This post by Bufo Calvin originally appeared in the I Love My Kindle blog. To support this or other blogs/organizations, buy  Amazon Gift Cards from a link on the site, then use those to buy your items. There will be no cost to you, and a benefit to them.



11 Responses to “E-book sales are dropping…off the radar”

  1. Man in the Middle Says:

    There seems to still be a concerted effort by the big publishers to radically jack up the selling prices of Ebooks, especially ones that might be used as college texts. All it accomplishes with me is adding any such book to my eReaderIQ watch list, in case they ever come to their senses and offer such books at a reasonable price.

    Meanwhile, we just renewed our Kindle Unlimited for another 2 years at the Prime Day 40% off price, and rarely feel the need to buy anything else except when on sale for under $3 (my personal impulse buy price limit, though I’ve been known to go up to the original $10 for in-copyright classics I want in my permanent library.)

    • Bufo Calvin Says:

      Thanks for writing, Man!

      Concerted, perhaps, but presumably not conspiratorial…they’ve paid a price for that already. 😉

      KU and gifts keep me covered, as well as books I bought previously. My Significant Other sometimes buys a book for us, but that’s pretty uncommon.

  2. Wildsubnet Says:

    I think as long as traditional publishers continue to price e-books above the price that paperbacks are actually being sold for after the paperback comes out, this trend will continue for them.

    • Bufo Calvin Says:

      Thanks for writing, Wildsubnet!

      Well, that is interesting…I checked some of the bestselling (at Amazon) paperbacks, and you are right, several of them are lower than the Kindle version. I hadn’t looked at that in a while…might be worth an article. 🙂

      I’m not sure if that’s the big impact, though…that people make the decision to buy the paperback instead of the e-book because the former is cheaper. It’s possible, though…again, I may ask my readers on that one.

  3. Edward Boyhan Says:

    Most of the people I know only read stuff electronically — not all by any means on kindles — many on tablets and smartphones.

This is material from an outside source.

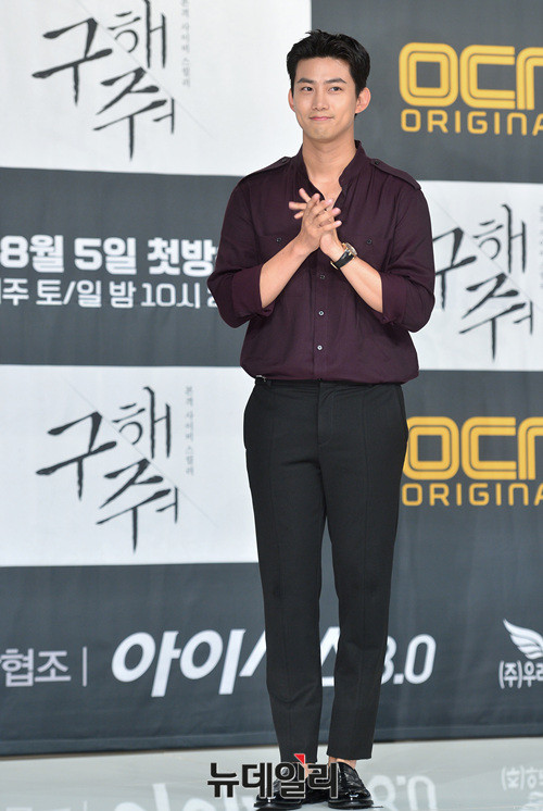 배우 옥택연이 27일 오후 서울 영등포 타임스퀘어에서 열린 제작발표회에 참석해 포토타임을 갖고있다. 옥택연은 사이비 종교에 빠진 첫사랑을 구하기 위해 고군분투하는 한상환 역을 맡았다.

I agree that the AAP may not be the most unbiased source for this kind of stuff — as they are more interested in the traditional publishing universe.

    OTOH, I wonder if overall reading stats of all kinds might be down — as we now have so many more ways to spend our leisure time (like writing replies to blogs??? :grin).

    Traditional publisher book prices are rising faster than the cost of living. I wonder if that might be due to declining unit sales needing higher prices to cover their fixed (over-manned?) costs?

    Well time to get back to my kindle and a very hot Florentine serial murder case :-).

    • Bufo Calvin Says:

      Thanks for writing, Edward!

      I think it’s more a case of shifting their market positioning than just rising to match lower unit sale numbers. While it is taking longer than I thought, it does seem like we may be on the road to that $50 new hardback novel price I suggested some years back. That would be deliberately marketing hardbacks as a luxury item.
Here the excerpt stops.